#1
  1. Banned ;)
    Devshed Supreme Being (6500+ posts)

    Join Date
    Nov 2001
    Location
    Woodland Hills, Los Angeles County, California, USA
    Posts
    9,640
    Rep Power
    4247

    Puzzle of the Month 05-05-2008


    First, here's wishing you all a Happy Sinco De Mayo. With that said, today's puzzle has an especially strong reason to be here -- it happened to keep me up all weekend. This bug existed in our code for a few weeks, but was only triggered by some other recent changes to our codebase. I discovered the cause of the bug on Friday, but due to our policy of not releasing patches on Friday, I couldn't fix it. Instead I kept getting called by our 3rd party monitoring company every time our app crashed, which really sucks, because I didn't write the bug in the first place -- I should really have given those guys the phone # of the guy that wrote it :D

    With all that ranting done with, here's the code in question (slightly modified to remove a few things irrelevant to this puzzle). The code attempts to concatenate as many attributes as possible into a buffer, so that it can log the line to a file. It is perfectly all right to discard any data that cannot fit into the buffer, so if you have more data than the size of the buffer, you can simply discard the rest of it.
    Code:
    static void create_attr_line(attribute_t *attributes, int num_attribs, char *buf_str, int max_len)
    {
            int         i;
            int         offset = 0;
            attribute_t *p_attr;
    
            for (i = 0; i < num_attribs; i++) {
                p_attr = attributes[i];
                offset += snprintf(buf_str + offset, max_len - offset, "%d:%s:%d:%d:%d:%s:%d:%d:%s;", 
                         p_attr->attr.business_id,
                         p_attr->attr.update_date,
                         p_attr->attr.event_type_id,
                         p_attr->attr.group_id,
                         p_attr->attr.subgroup_id,
                         p_attr->attr.attribute_name,
                         p_attr->score,
                         p_attr->count,
                         p_attr->attr.attribute_value
                );
            }
    }
    
    // called like this:
    char attr_buf[4096];
    create_ups_string(ctx->attributes, ctx->attribute_count, attr_buf, sizeof(attr_buf));
    At first glance, the code appears to be doing some proper size checking to make sure that the size of the buffer cannot be exceeded. However there is a serious problem with it. For the purposes of this discussion, the compiler is assumed to be ANSI compliant (in my case, it is gcc running on Linux).
    The puzzle is to point out where the buffer overflow is. Next question is to point out how to fix it.
    BONUS QUESTION: Why will Microsoft Visual C++ produce different results with the same code?
    Up the Irons
    What Would Jimi Do? Smash amps. Burn guitar. Take the groupies home.
    "Death Before Dishonour, my Friends!!" - Bruce D ickinson, Iron Maiden Aug 20, 2005 @ OzzFest
    Down with Sharon Osbourne

    "I wouldn't hire a butcher to fix my car. I also wouldn't hire a marketing firm to build my website." - Nilpo
  2. #2
  3. Devshed God 1st Plane (5500 - 5999 posts)

    Join Date
    Jun 2005
    Posts
    5,964
    Rep Power
    4852
    I'm going to shoot from the hip, here. Some versions of the function returned -1 when the data was truncated, instead of the number of characters that would have been written if all had gone well. This could garfle up maxlen-offset.

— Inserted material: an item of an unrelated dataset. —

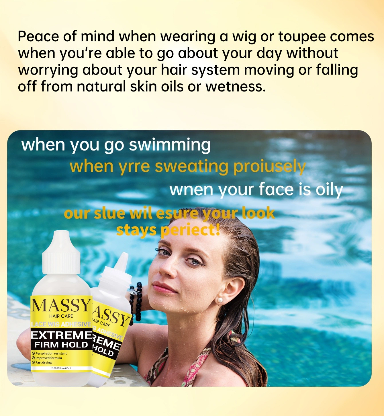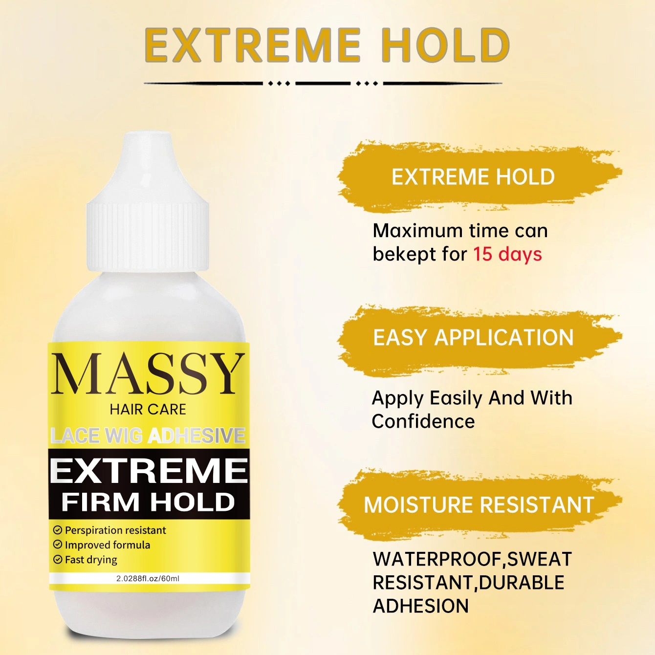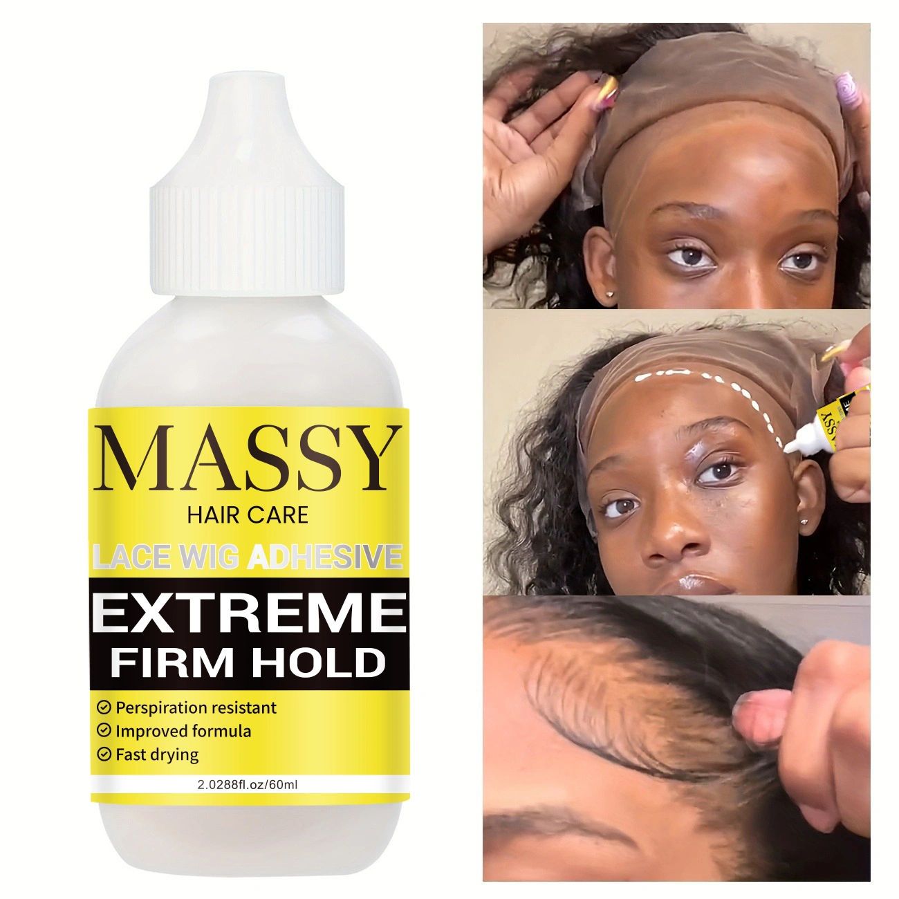 MASSY Waterproof Lace Wig Adhesive – Extreme Firm Hold, Quick-Dry, No Residue, 2.29fl.oz, Invisible Bonding for Secure & Natural Look, Unisex for All Hair Types, Hairpiece Adhesive | Easy Application | Light Beige Formula

    Incidentally, what are you doing if a format error causes -1 to be returned?
    Write no code whose complexity leaves you wondering what the hell you did.
    Politically Incorrect DaWei on Pointers Grumpy on Exceptions
  4. #3
  5. Paris est magique!
    Devshed Newbie (0 - 499 posts)

    Join Date
    Apr 2004
    Location
    France!
    Posts
    370
    Rep Power
    96
    Originally Posted by sizablegrin
    I'm going to shoot from the hip, here. Some versions of the function returned -1 when the data was truncated, instead of the number of characters that would have been written if all had gone well. This could garfle up maxlen-offset.
    This would cause a buffer overflow only if offset goes lower than 0 (due to adding -1 one or several times) - well a buffer underflow :p
    It would generally overwrite previous data (the last character).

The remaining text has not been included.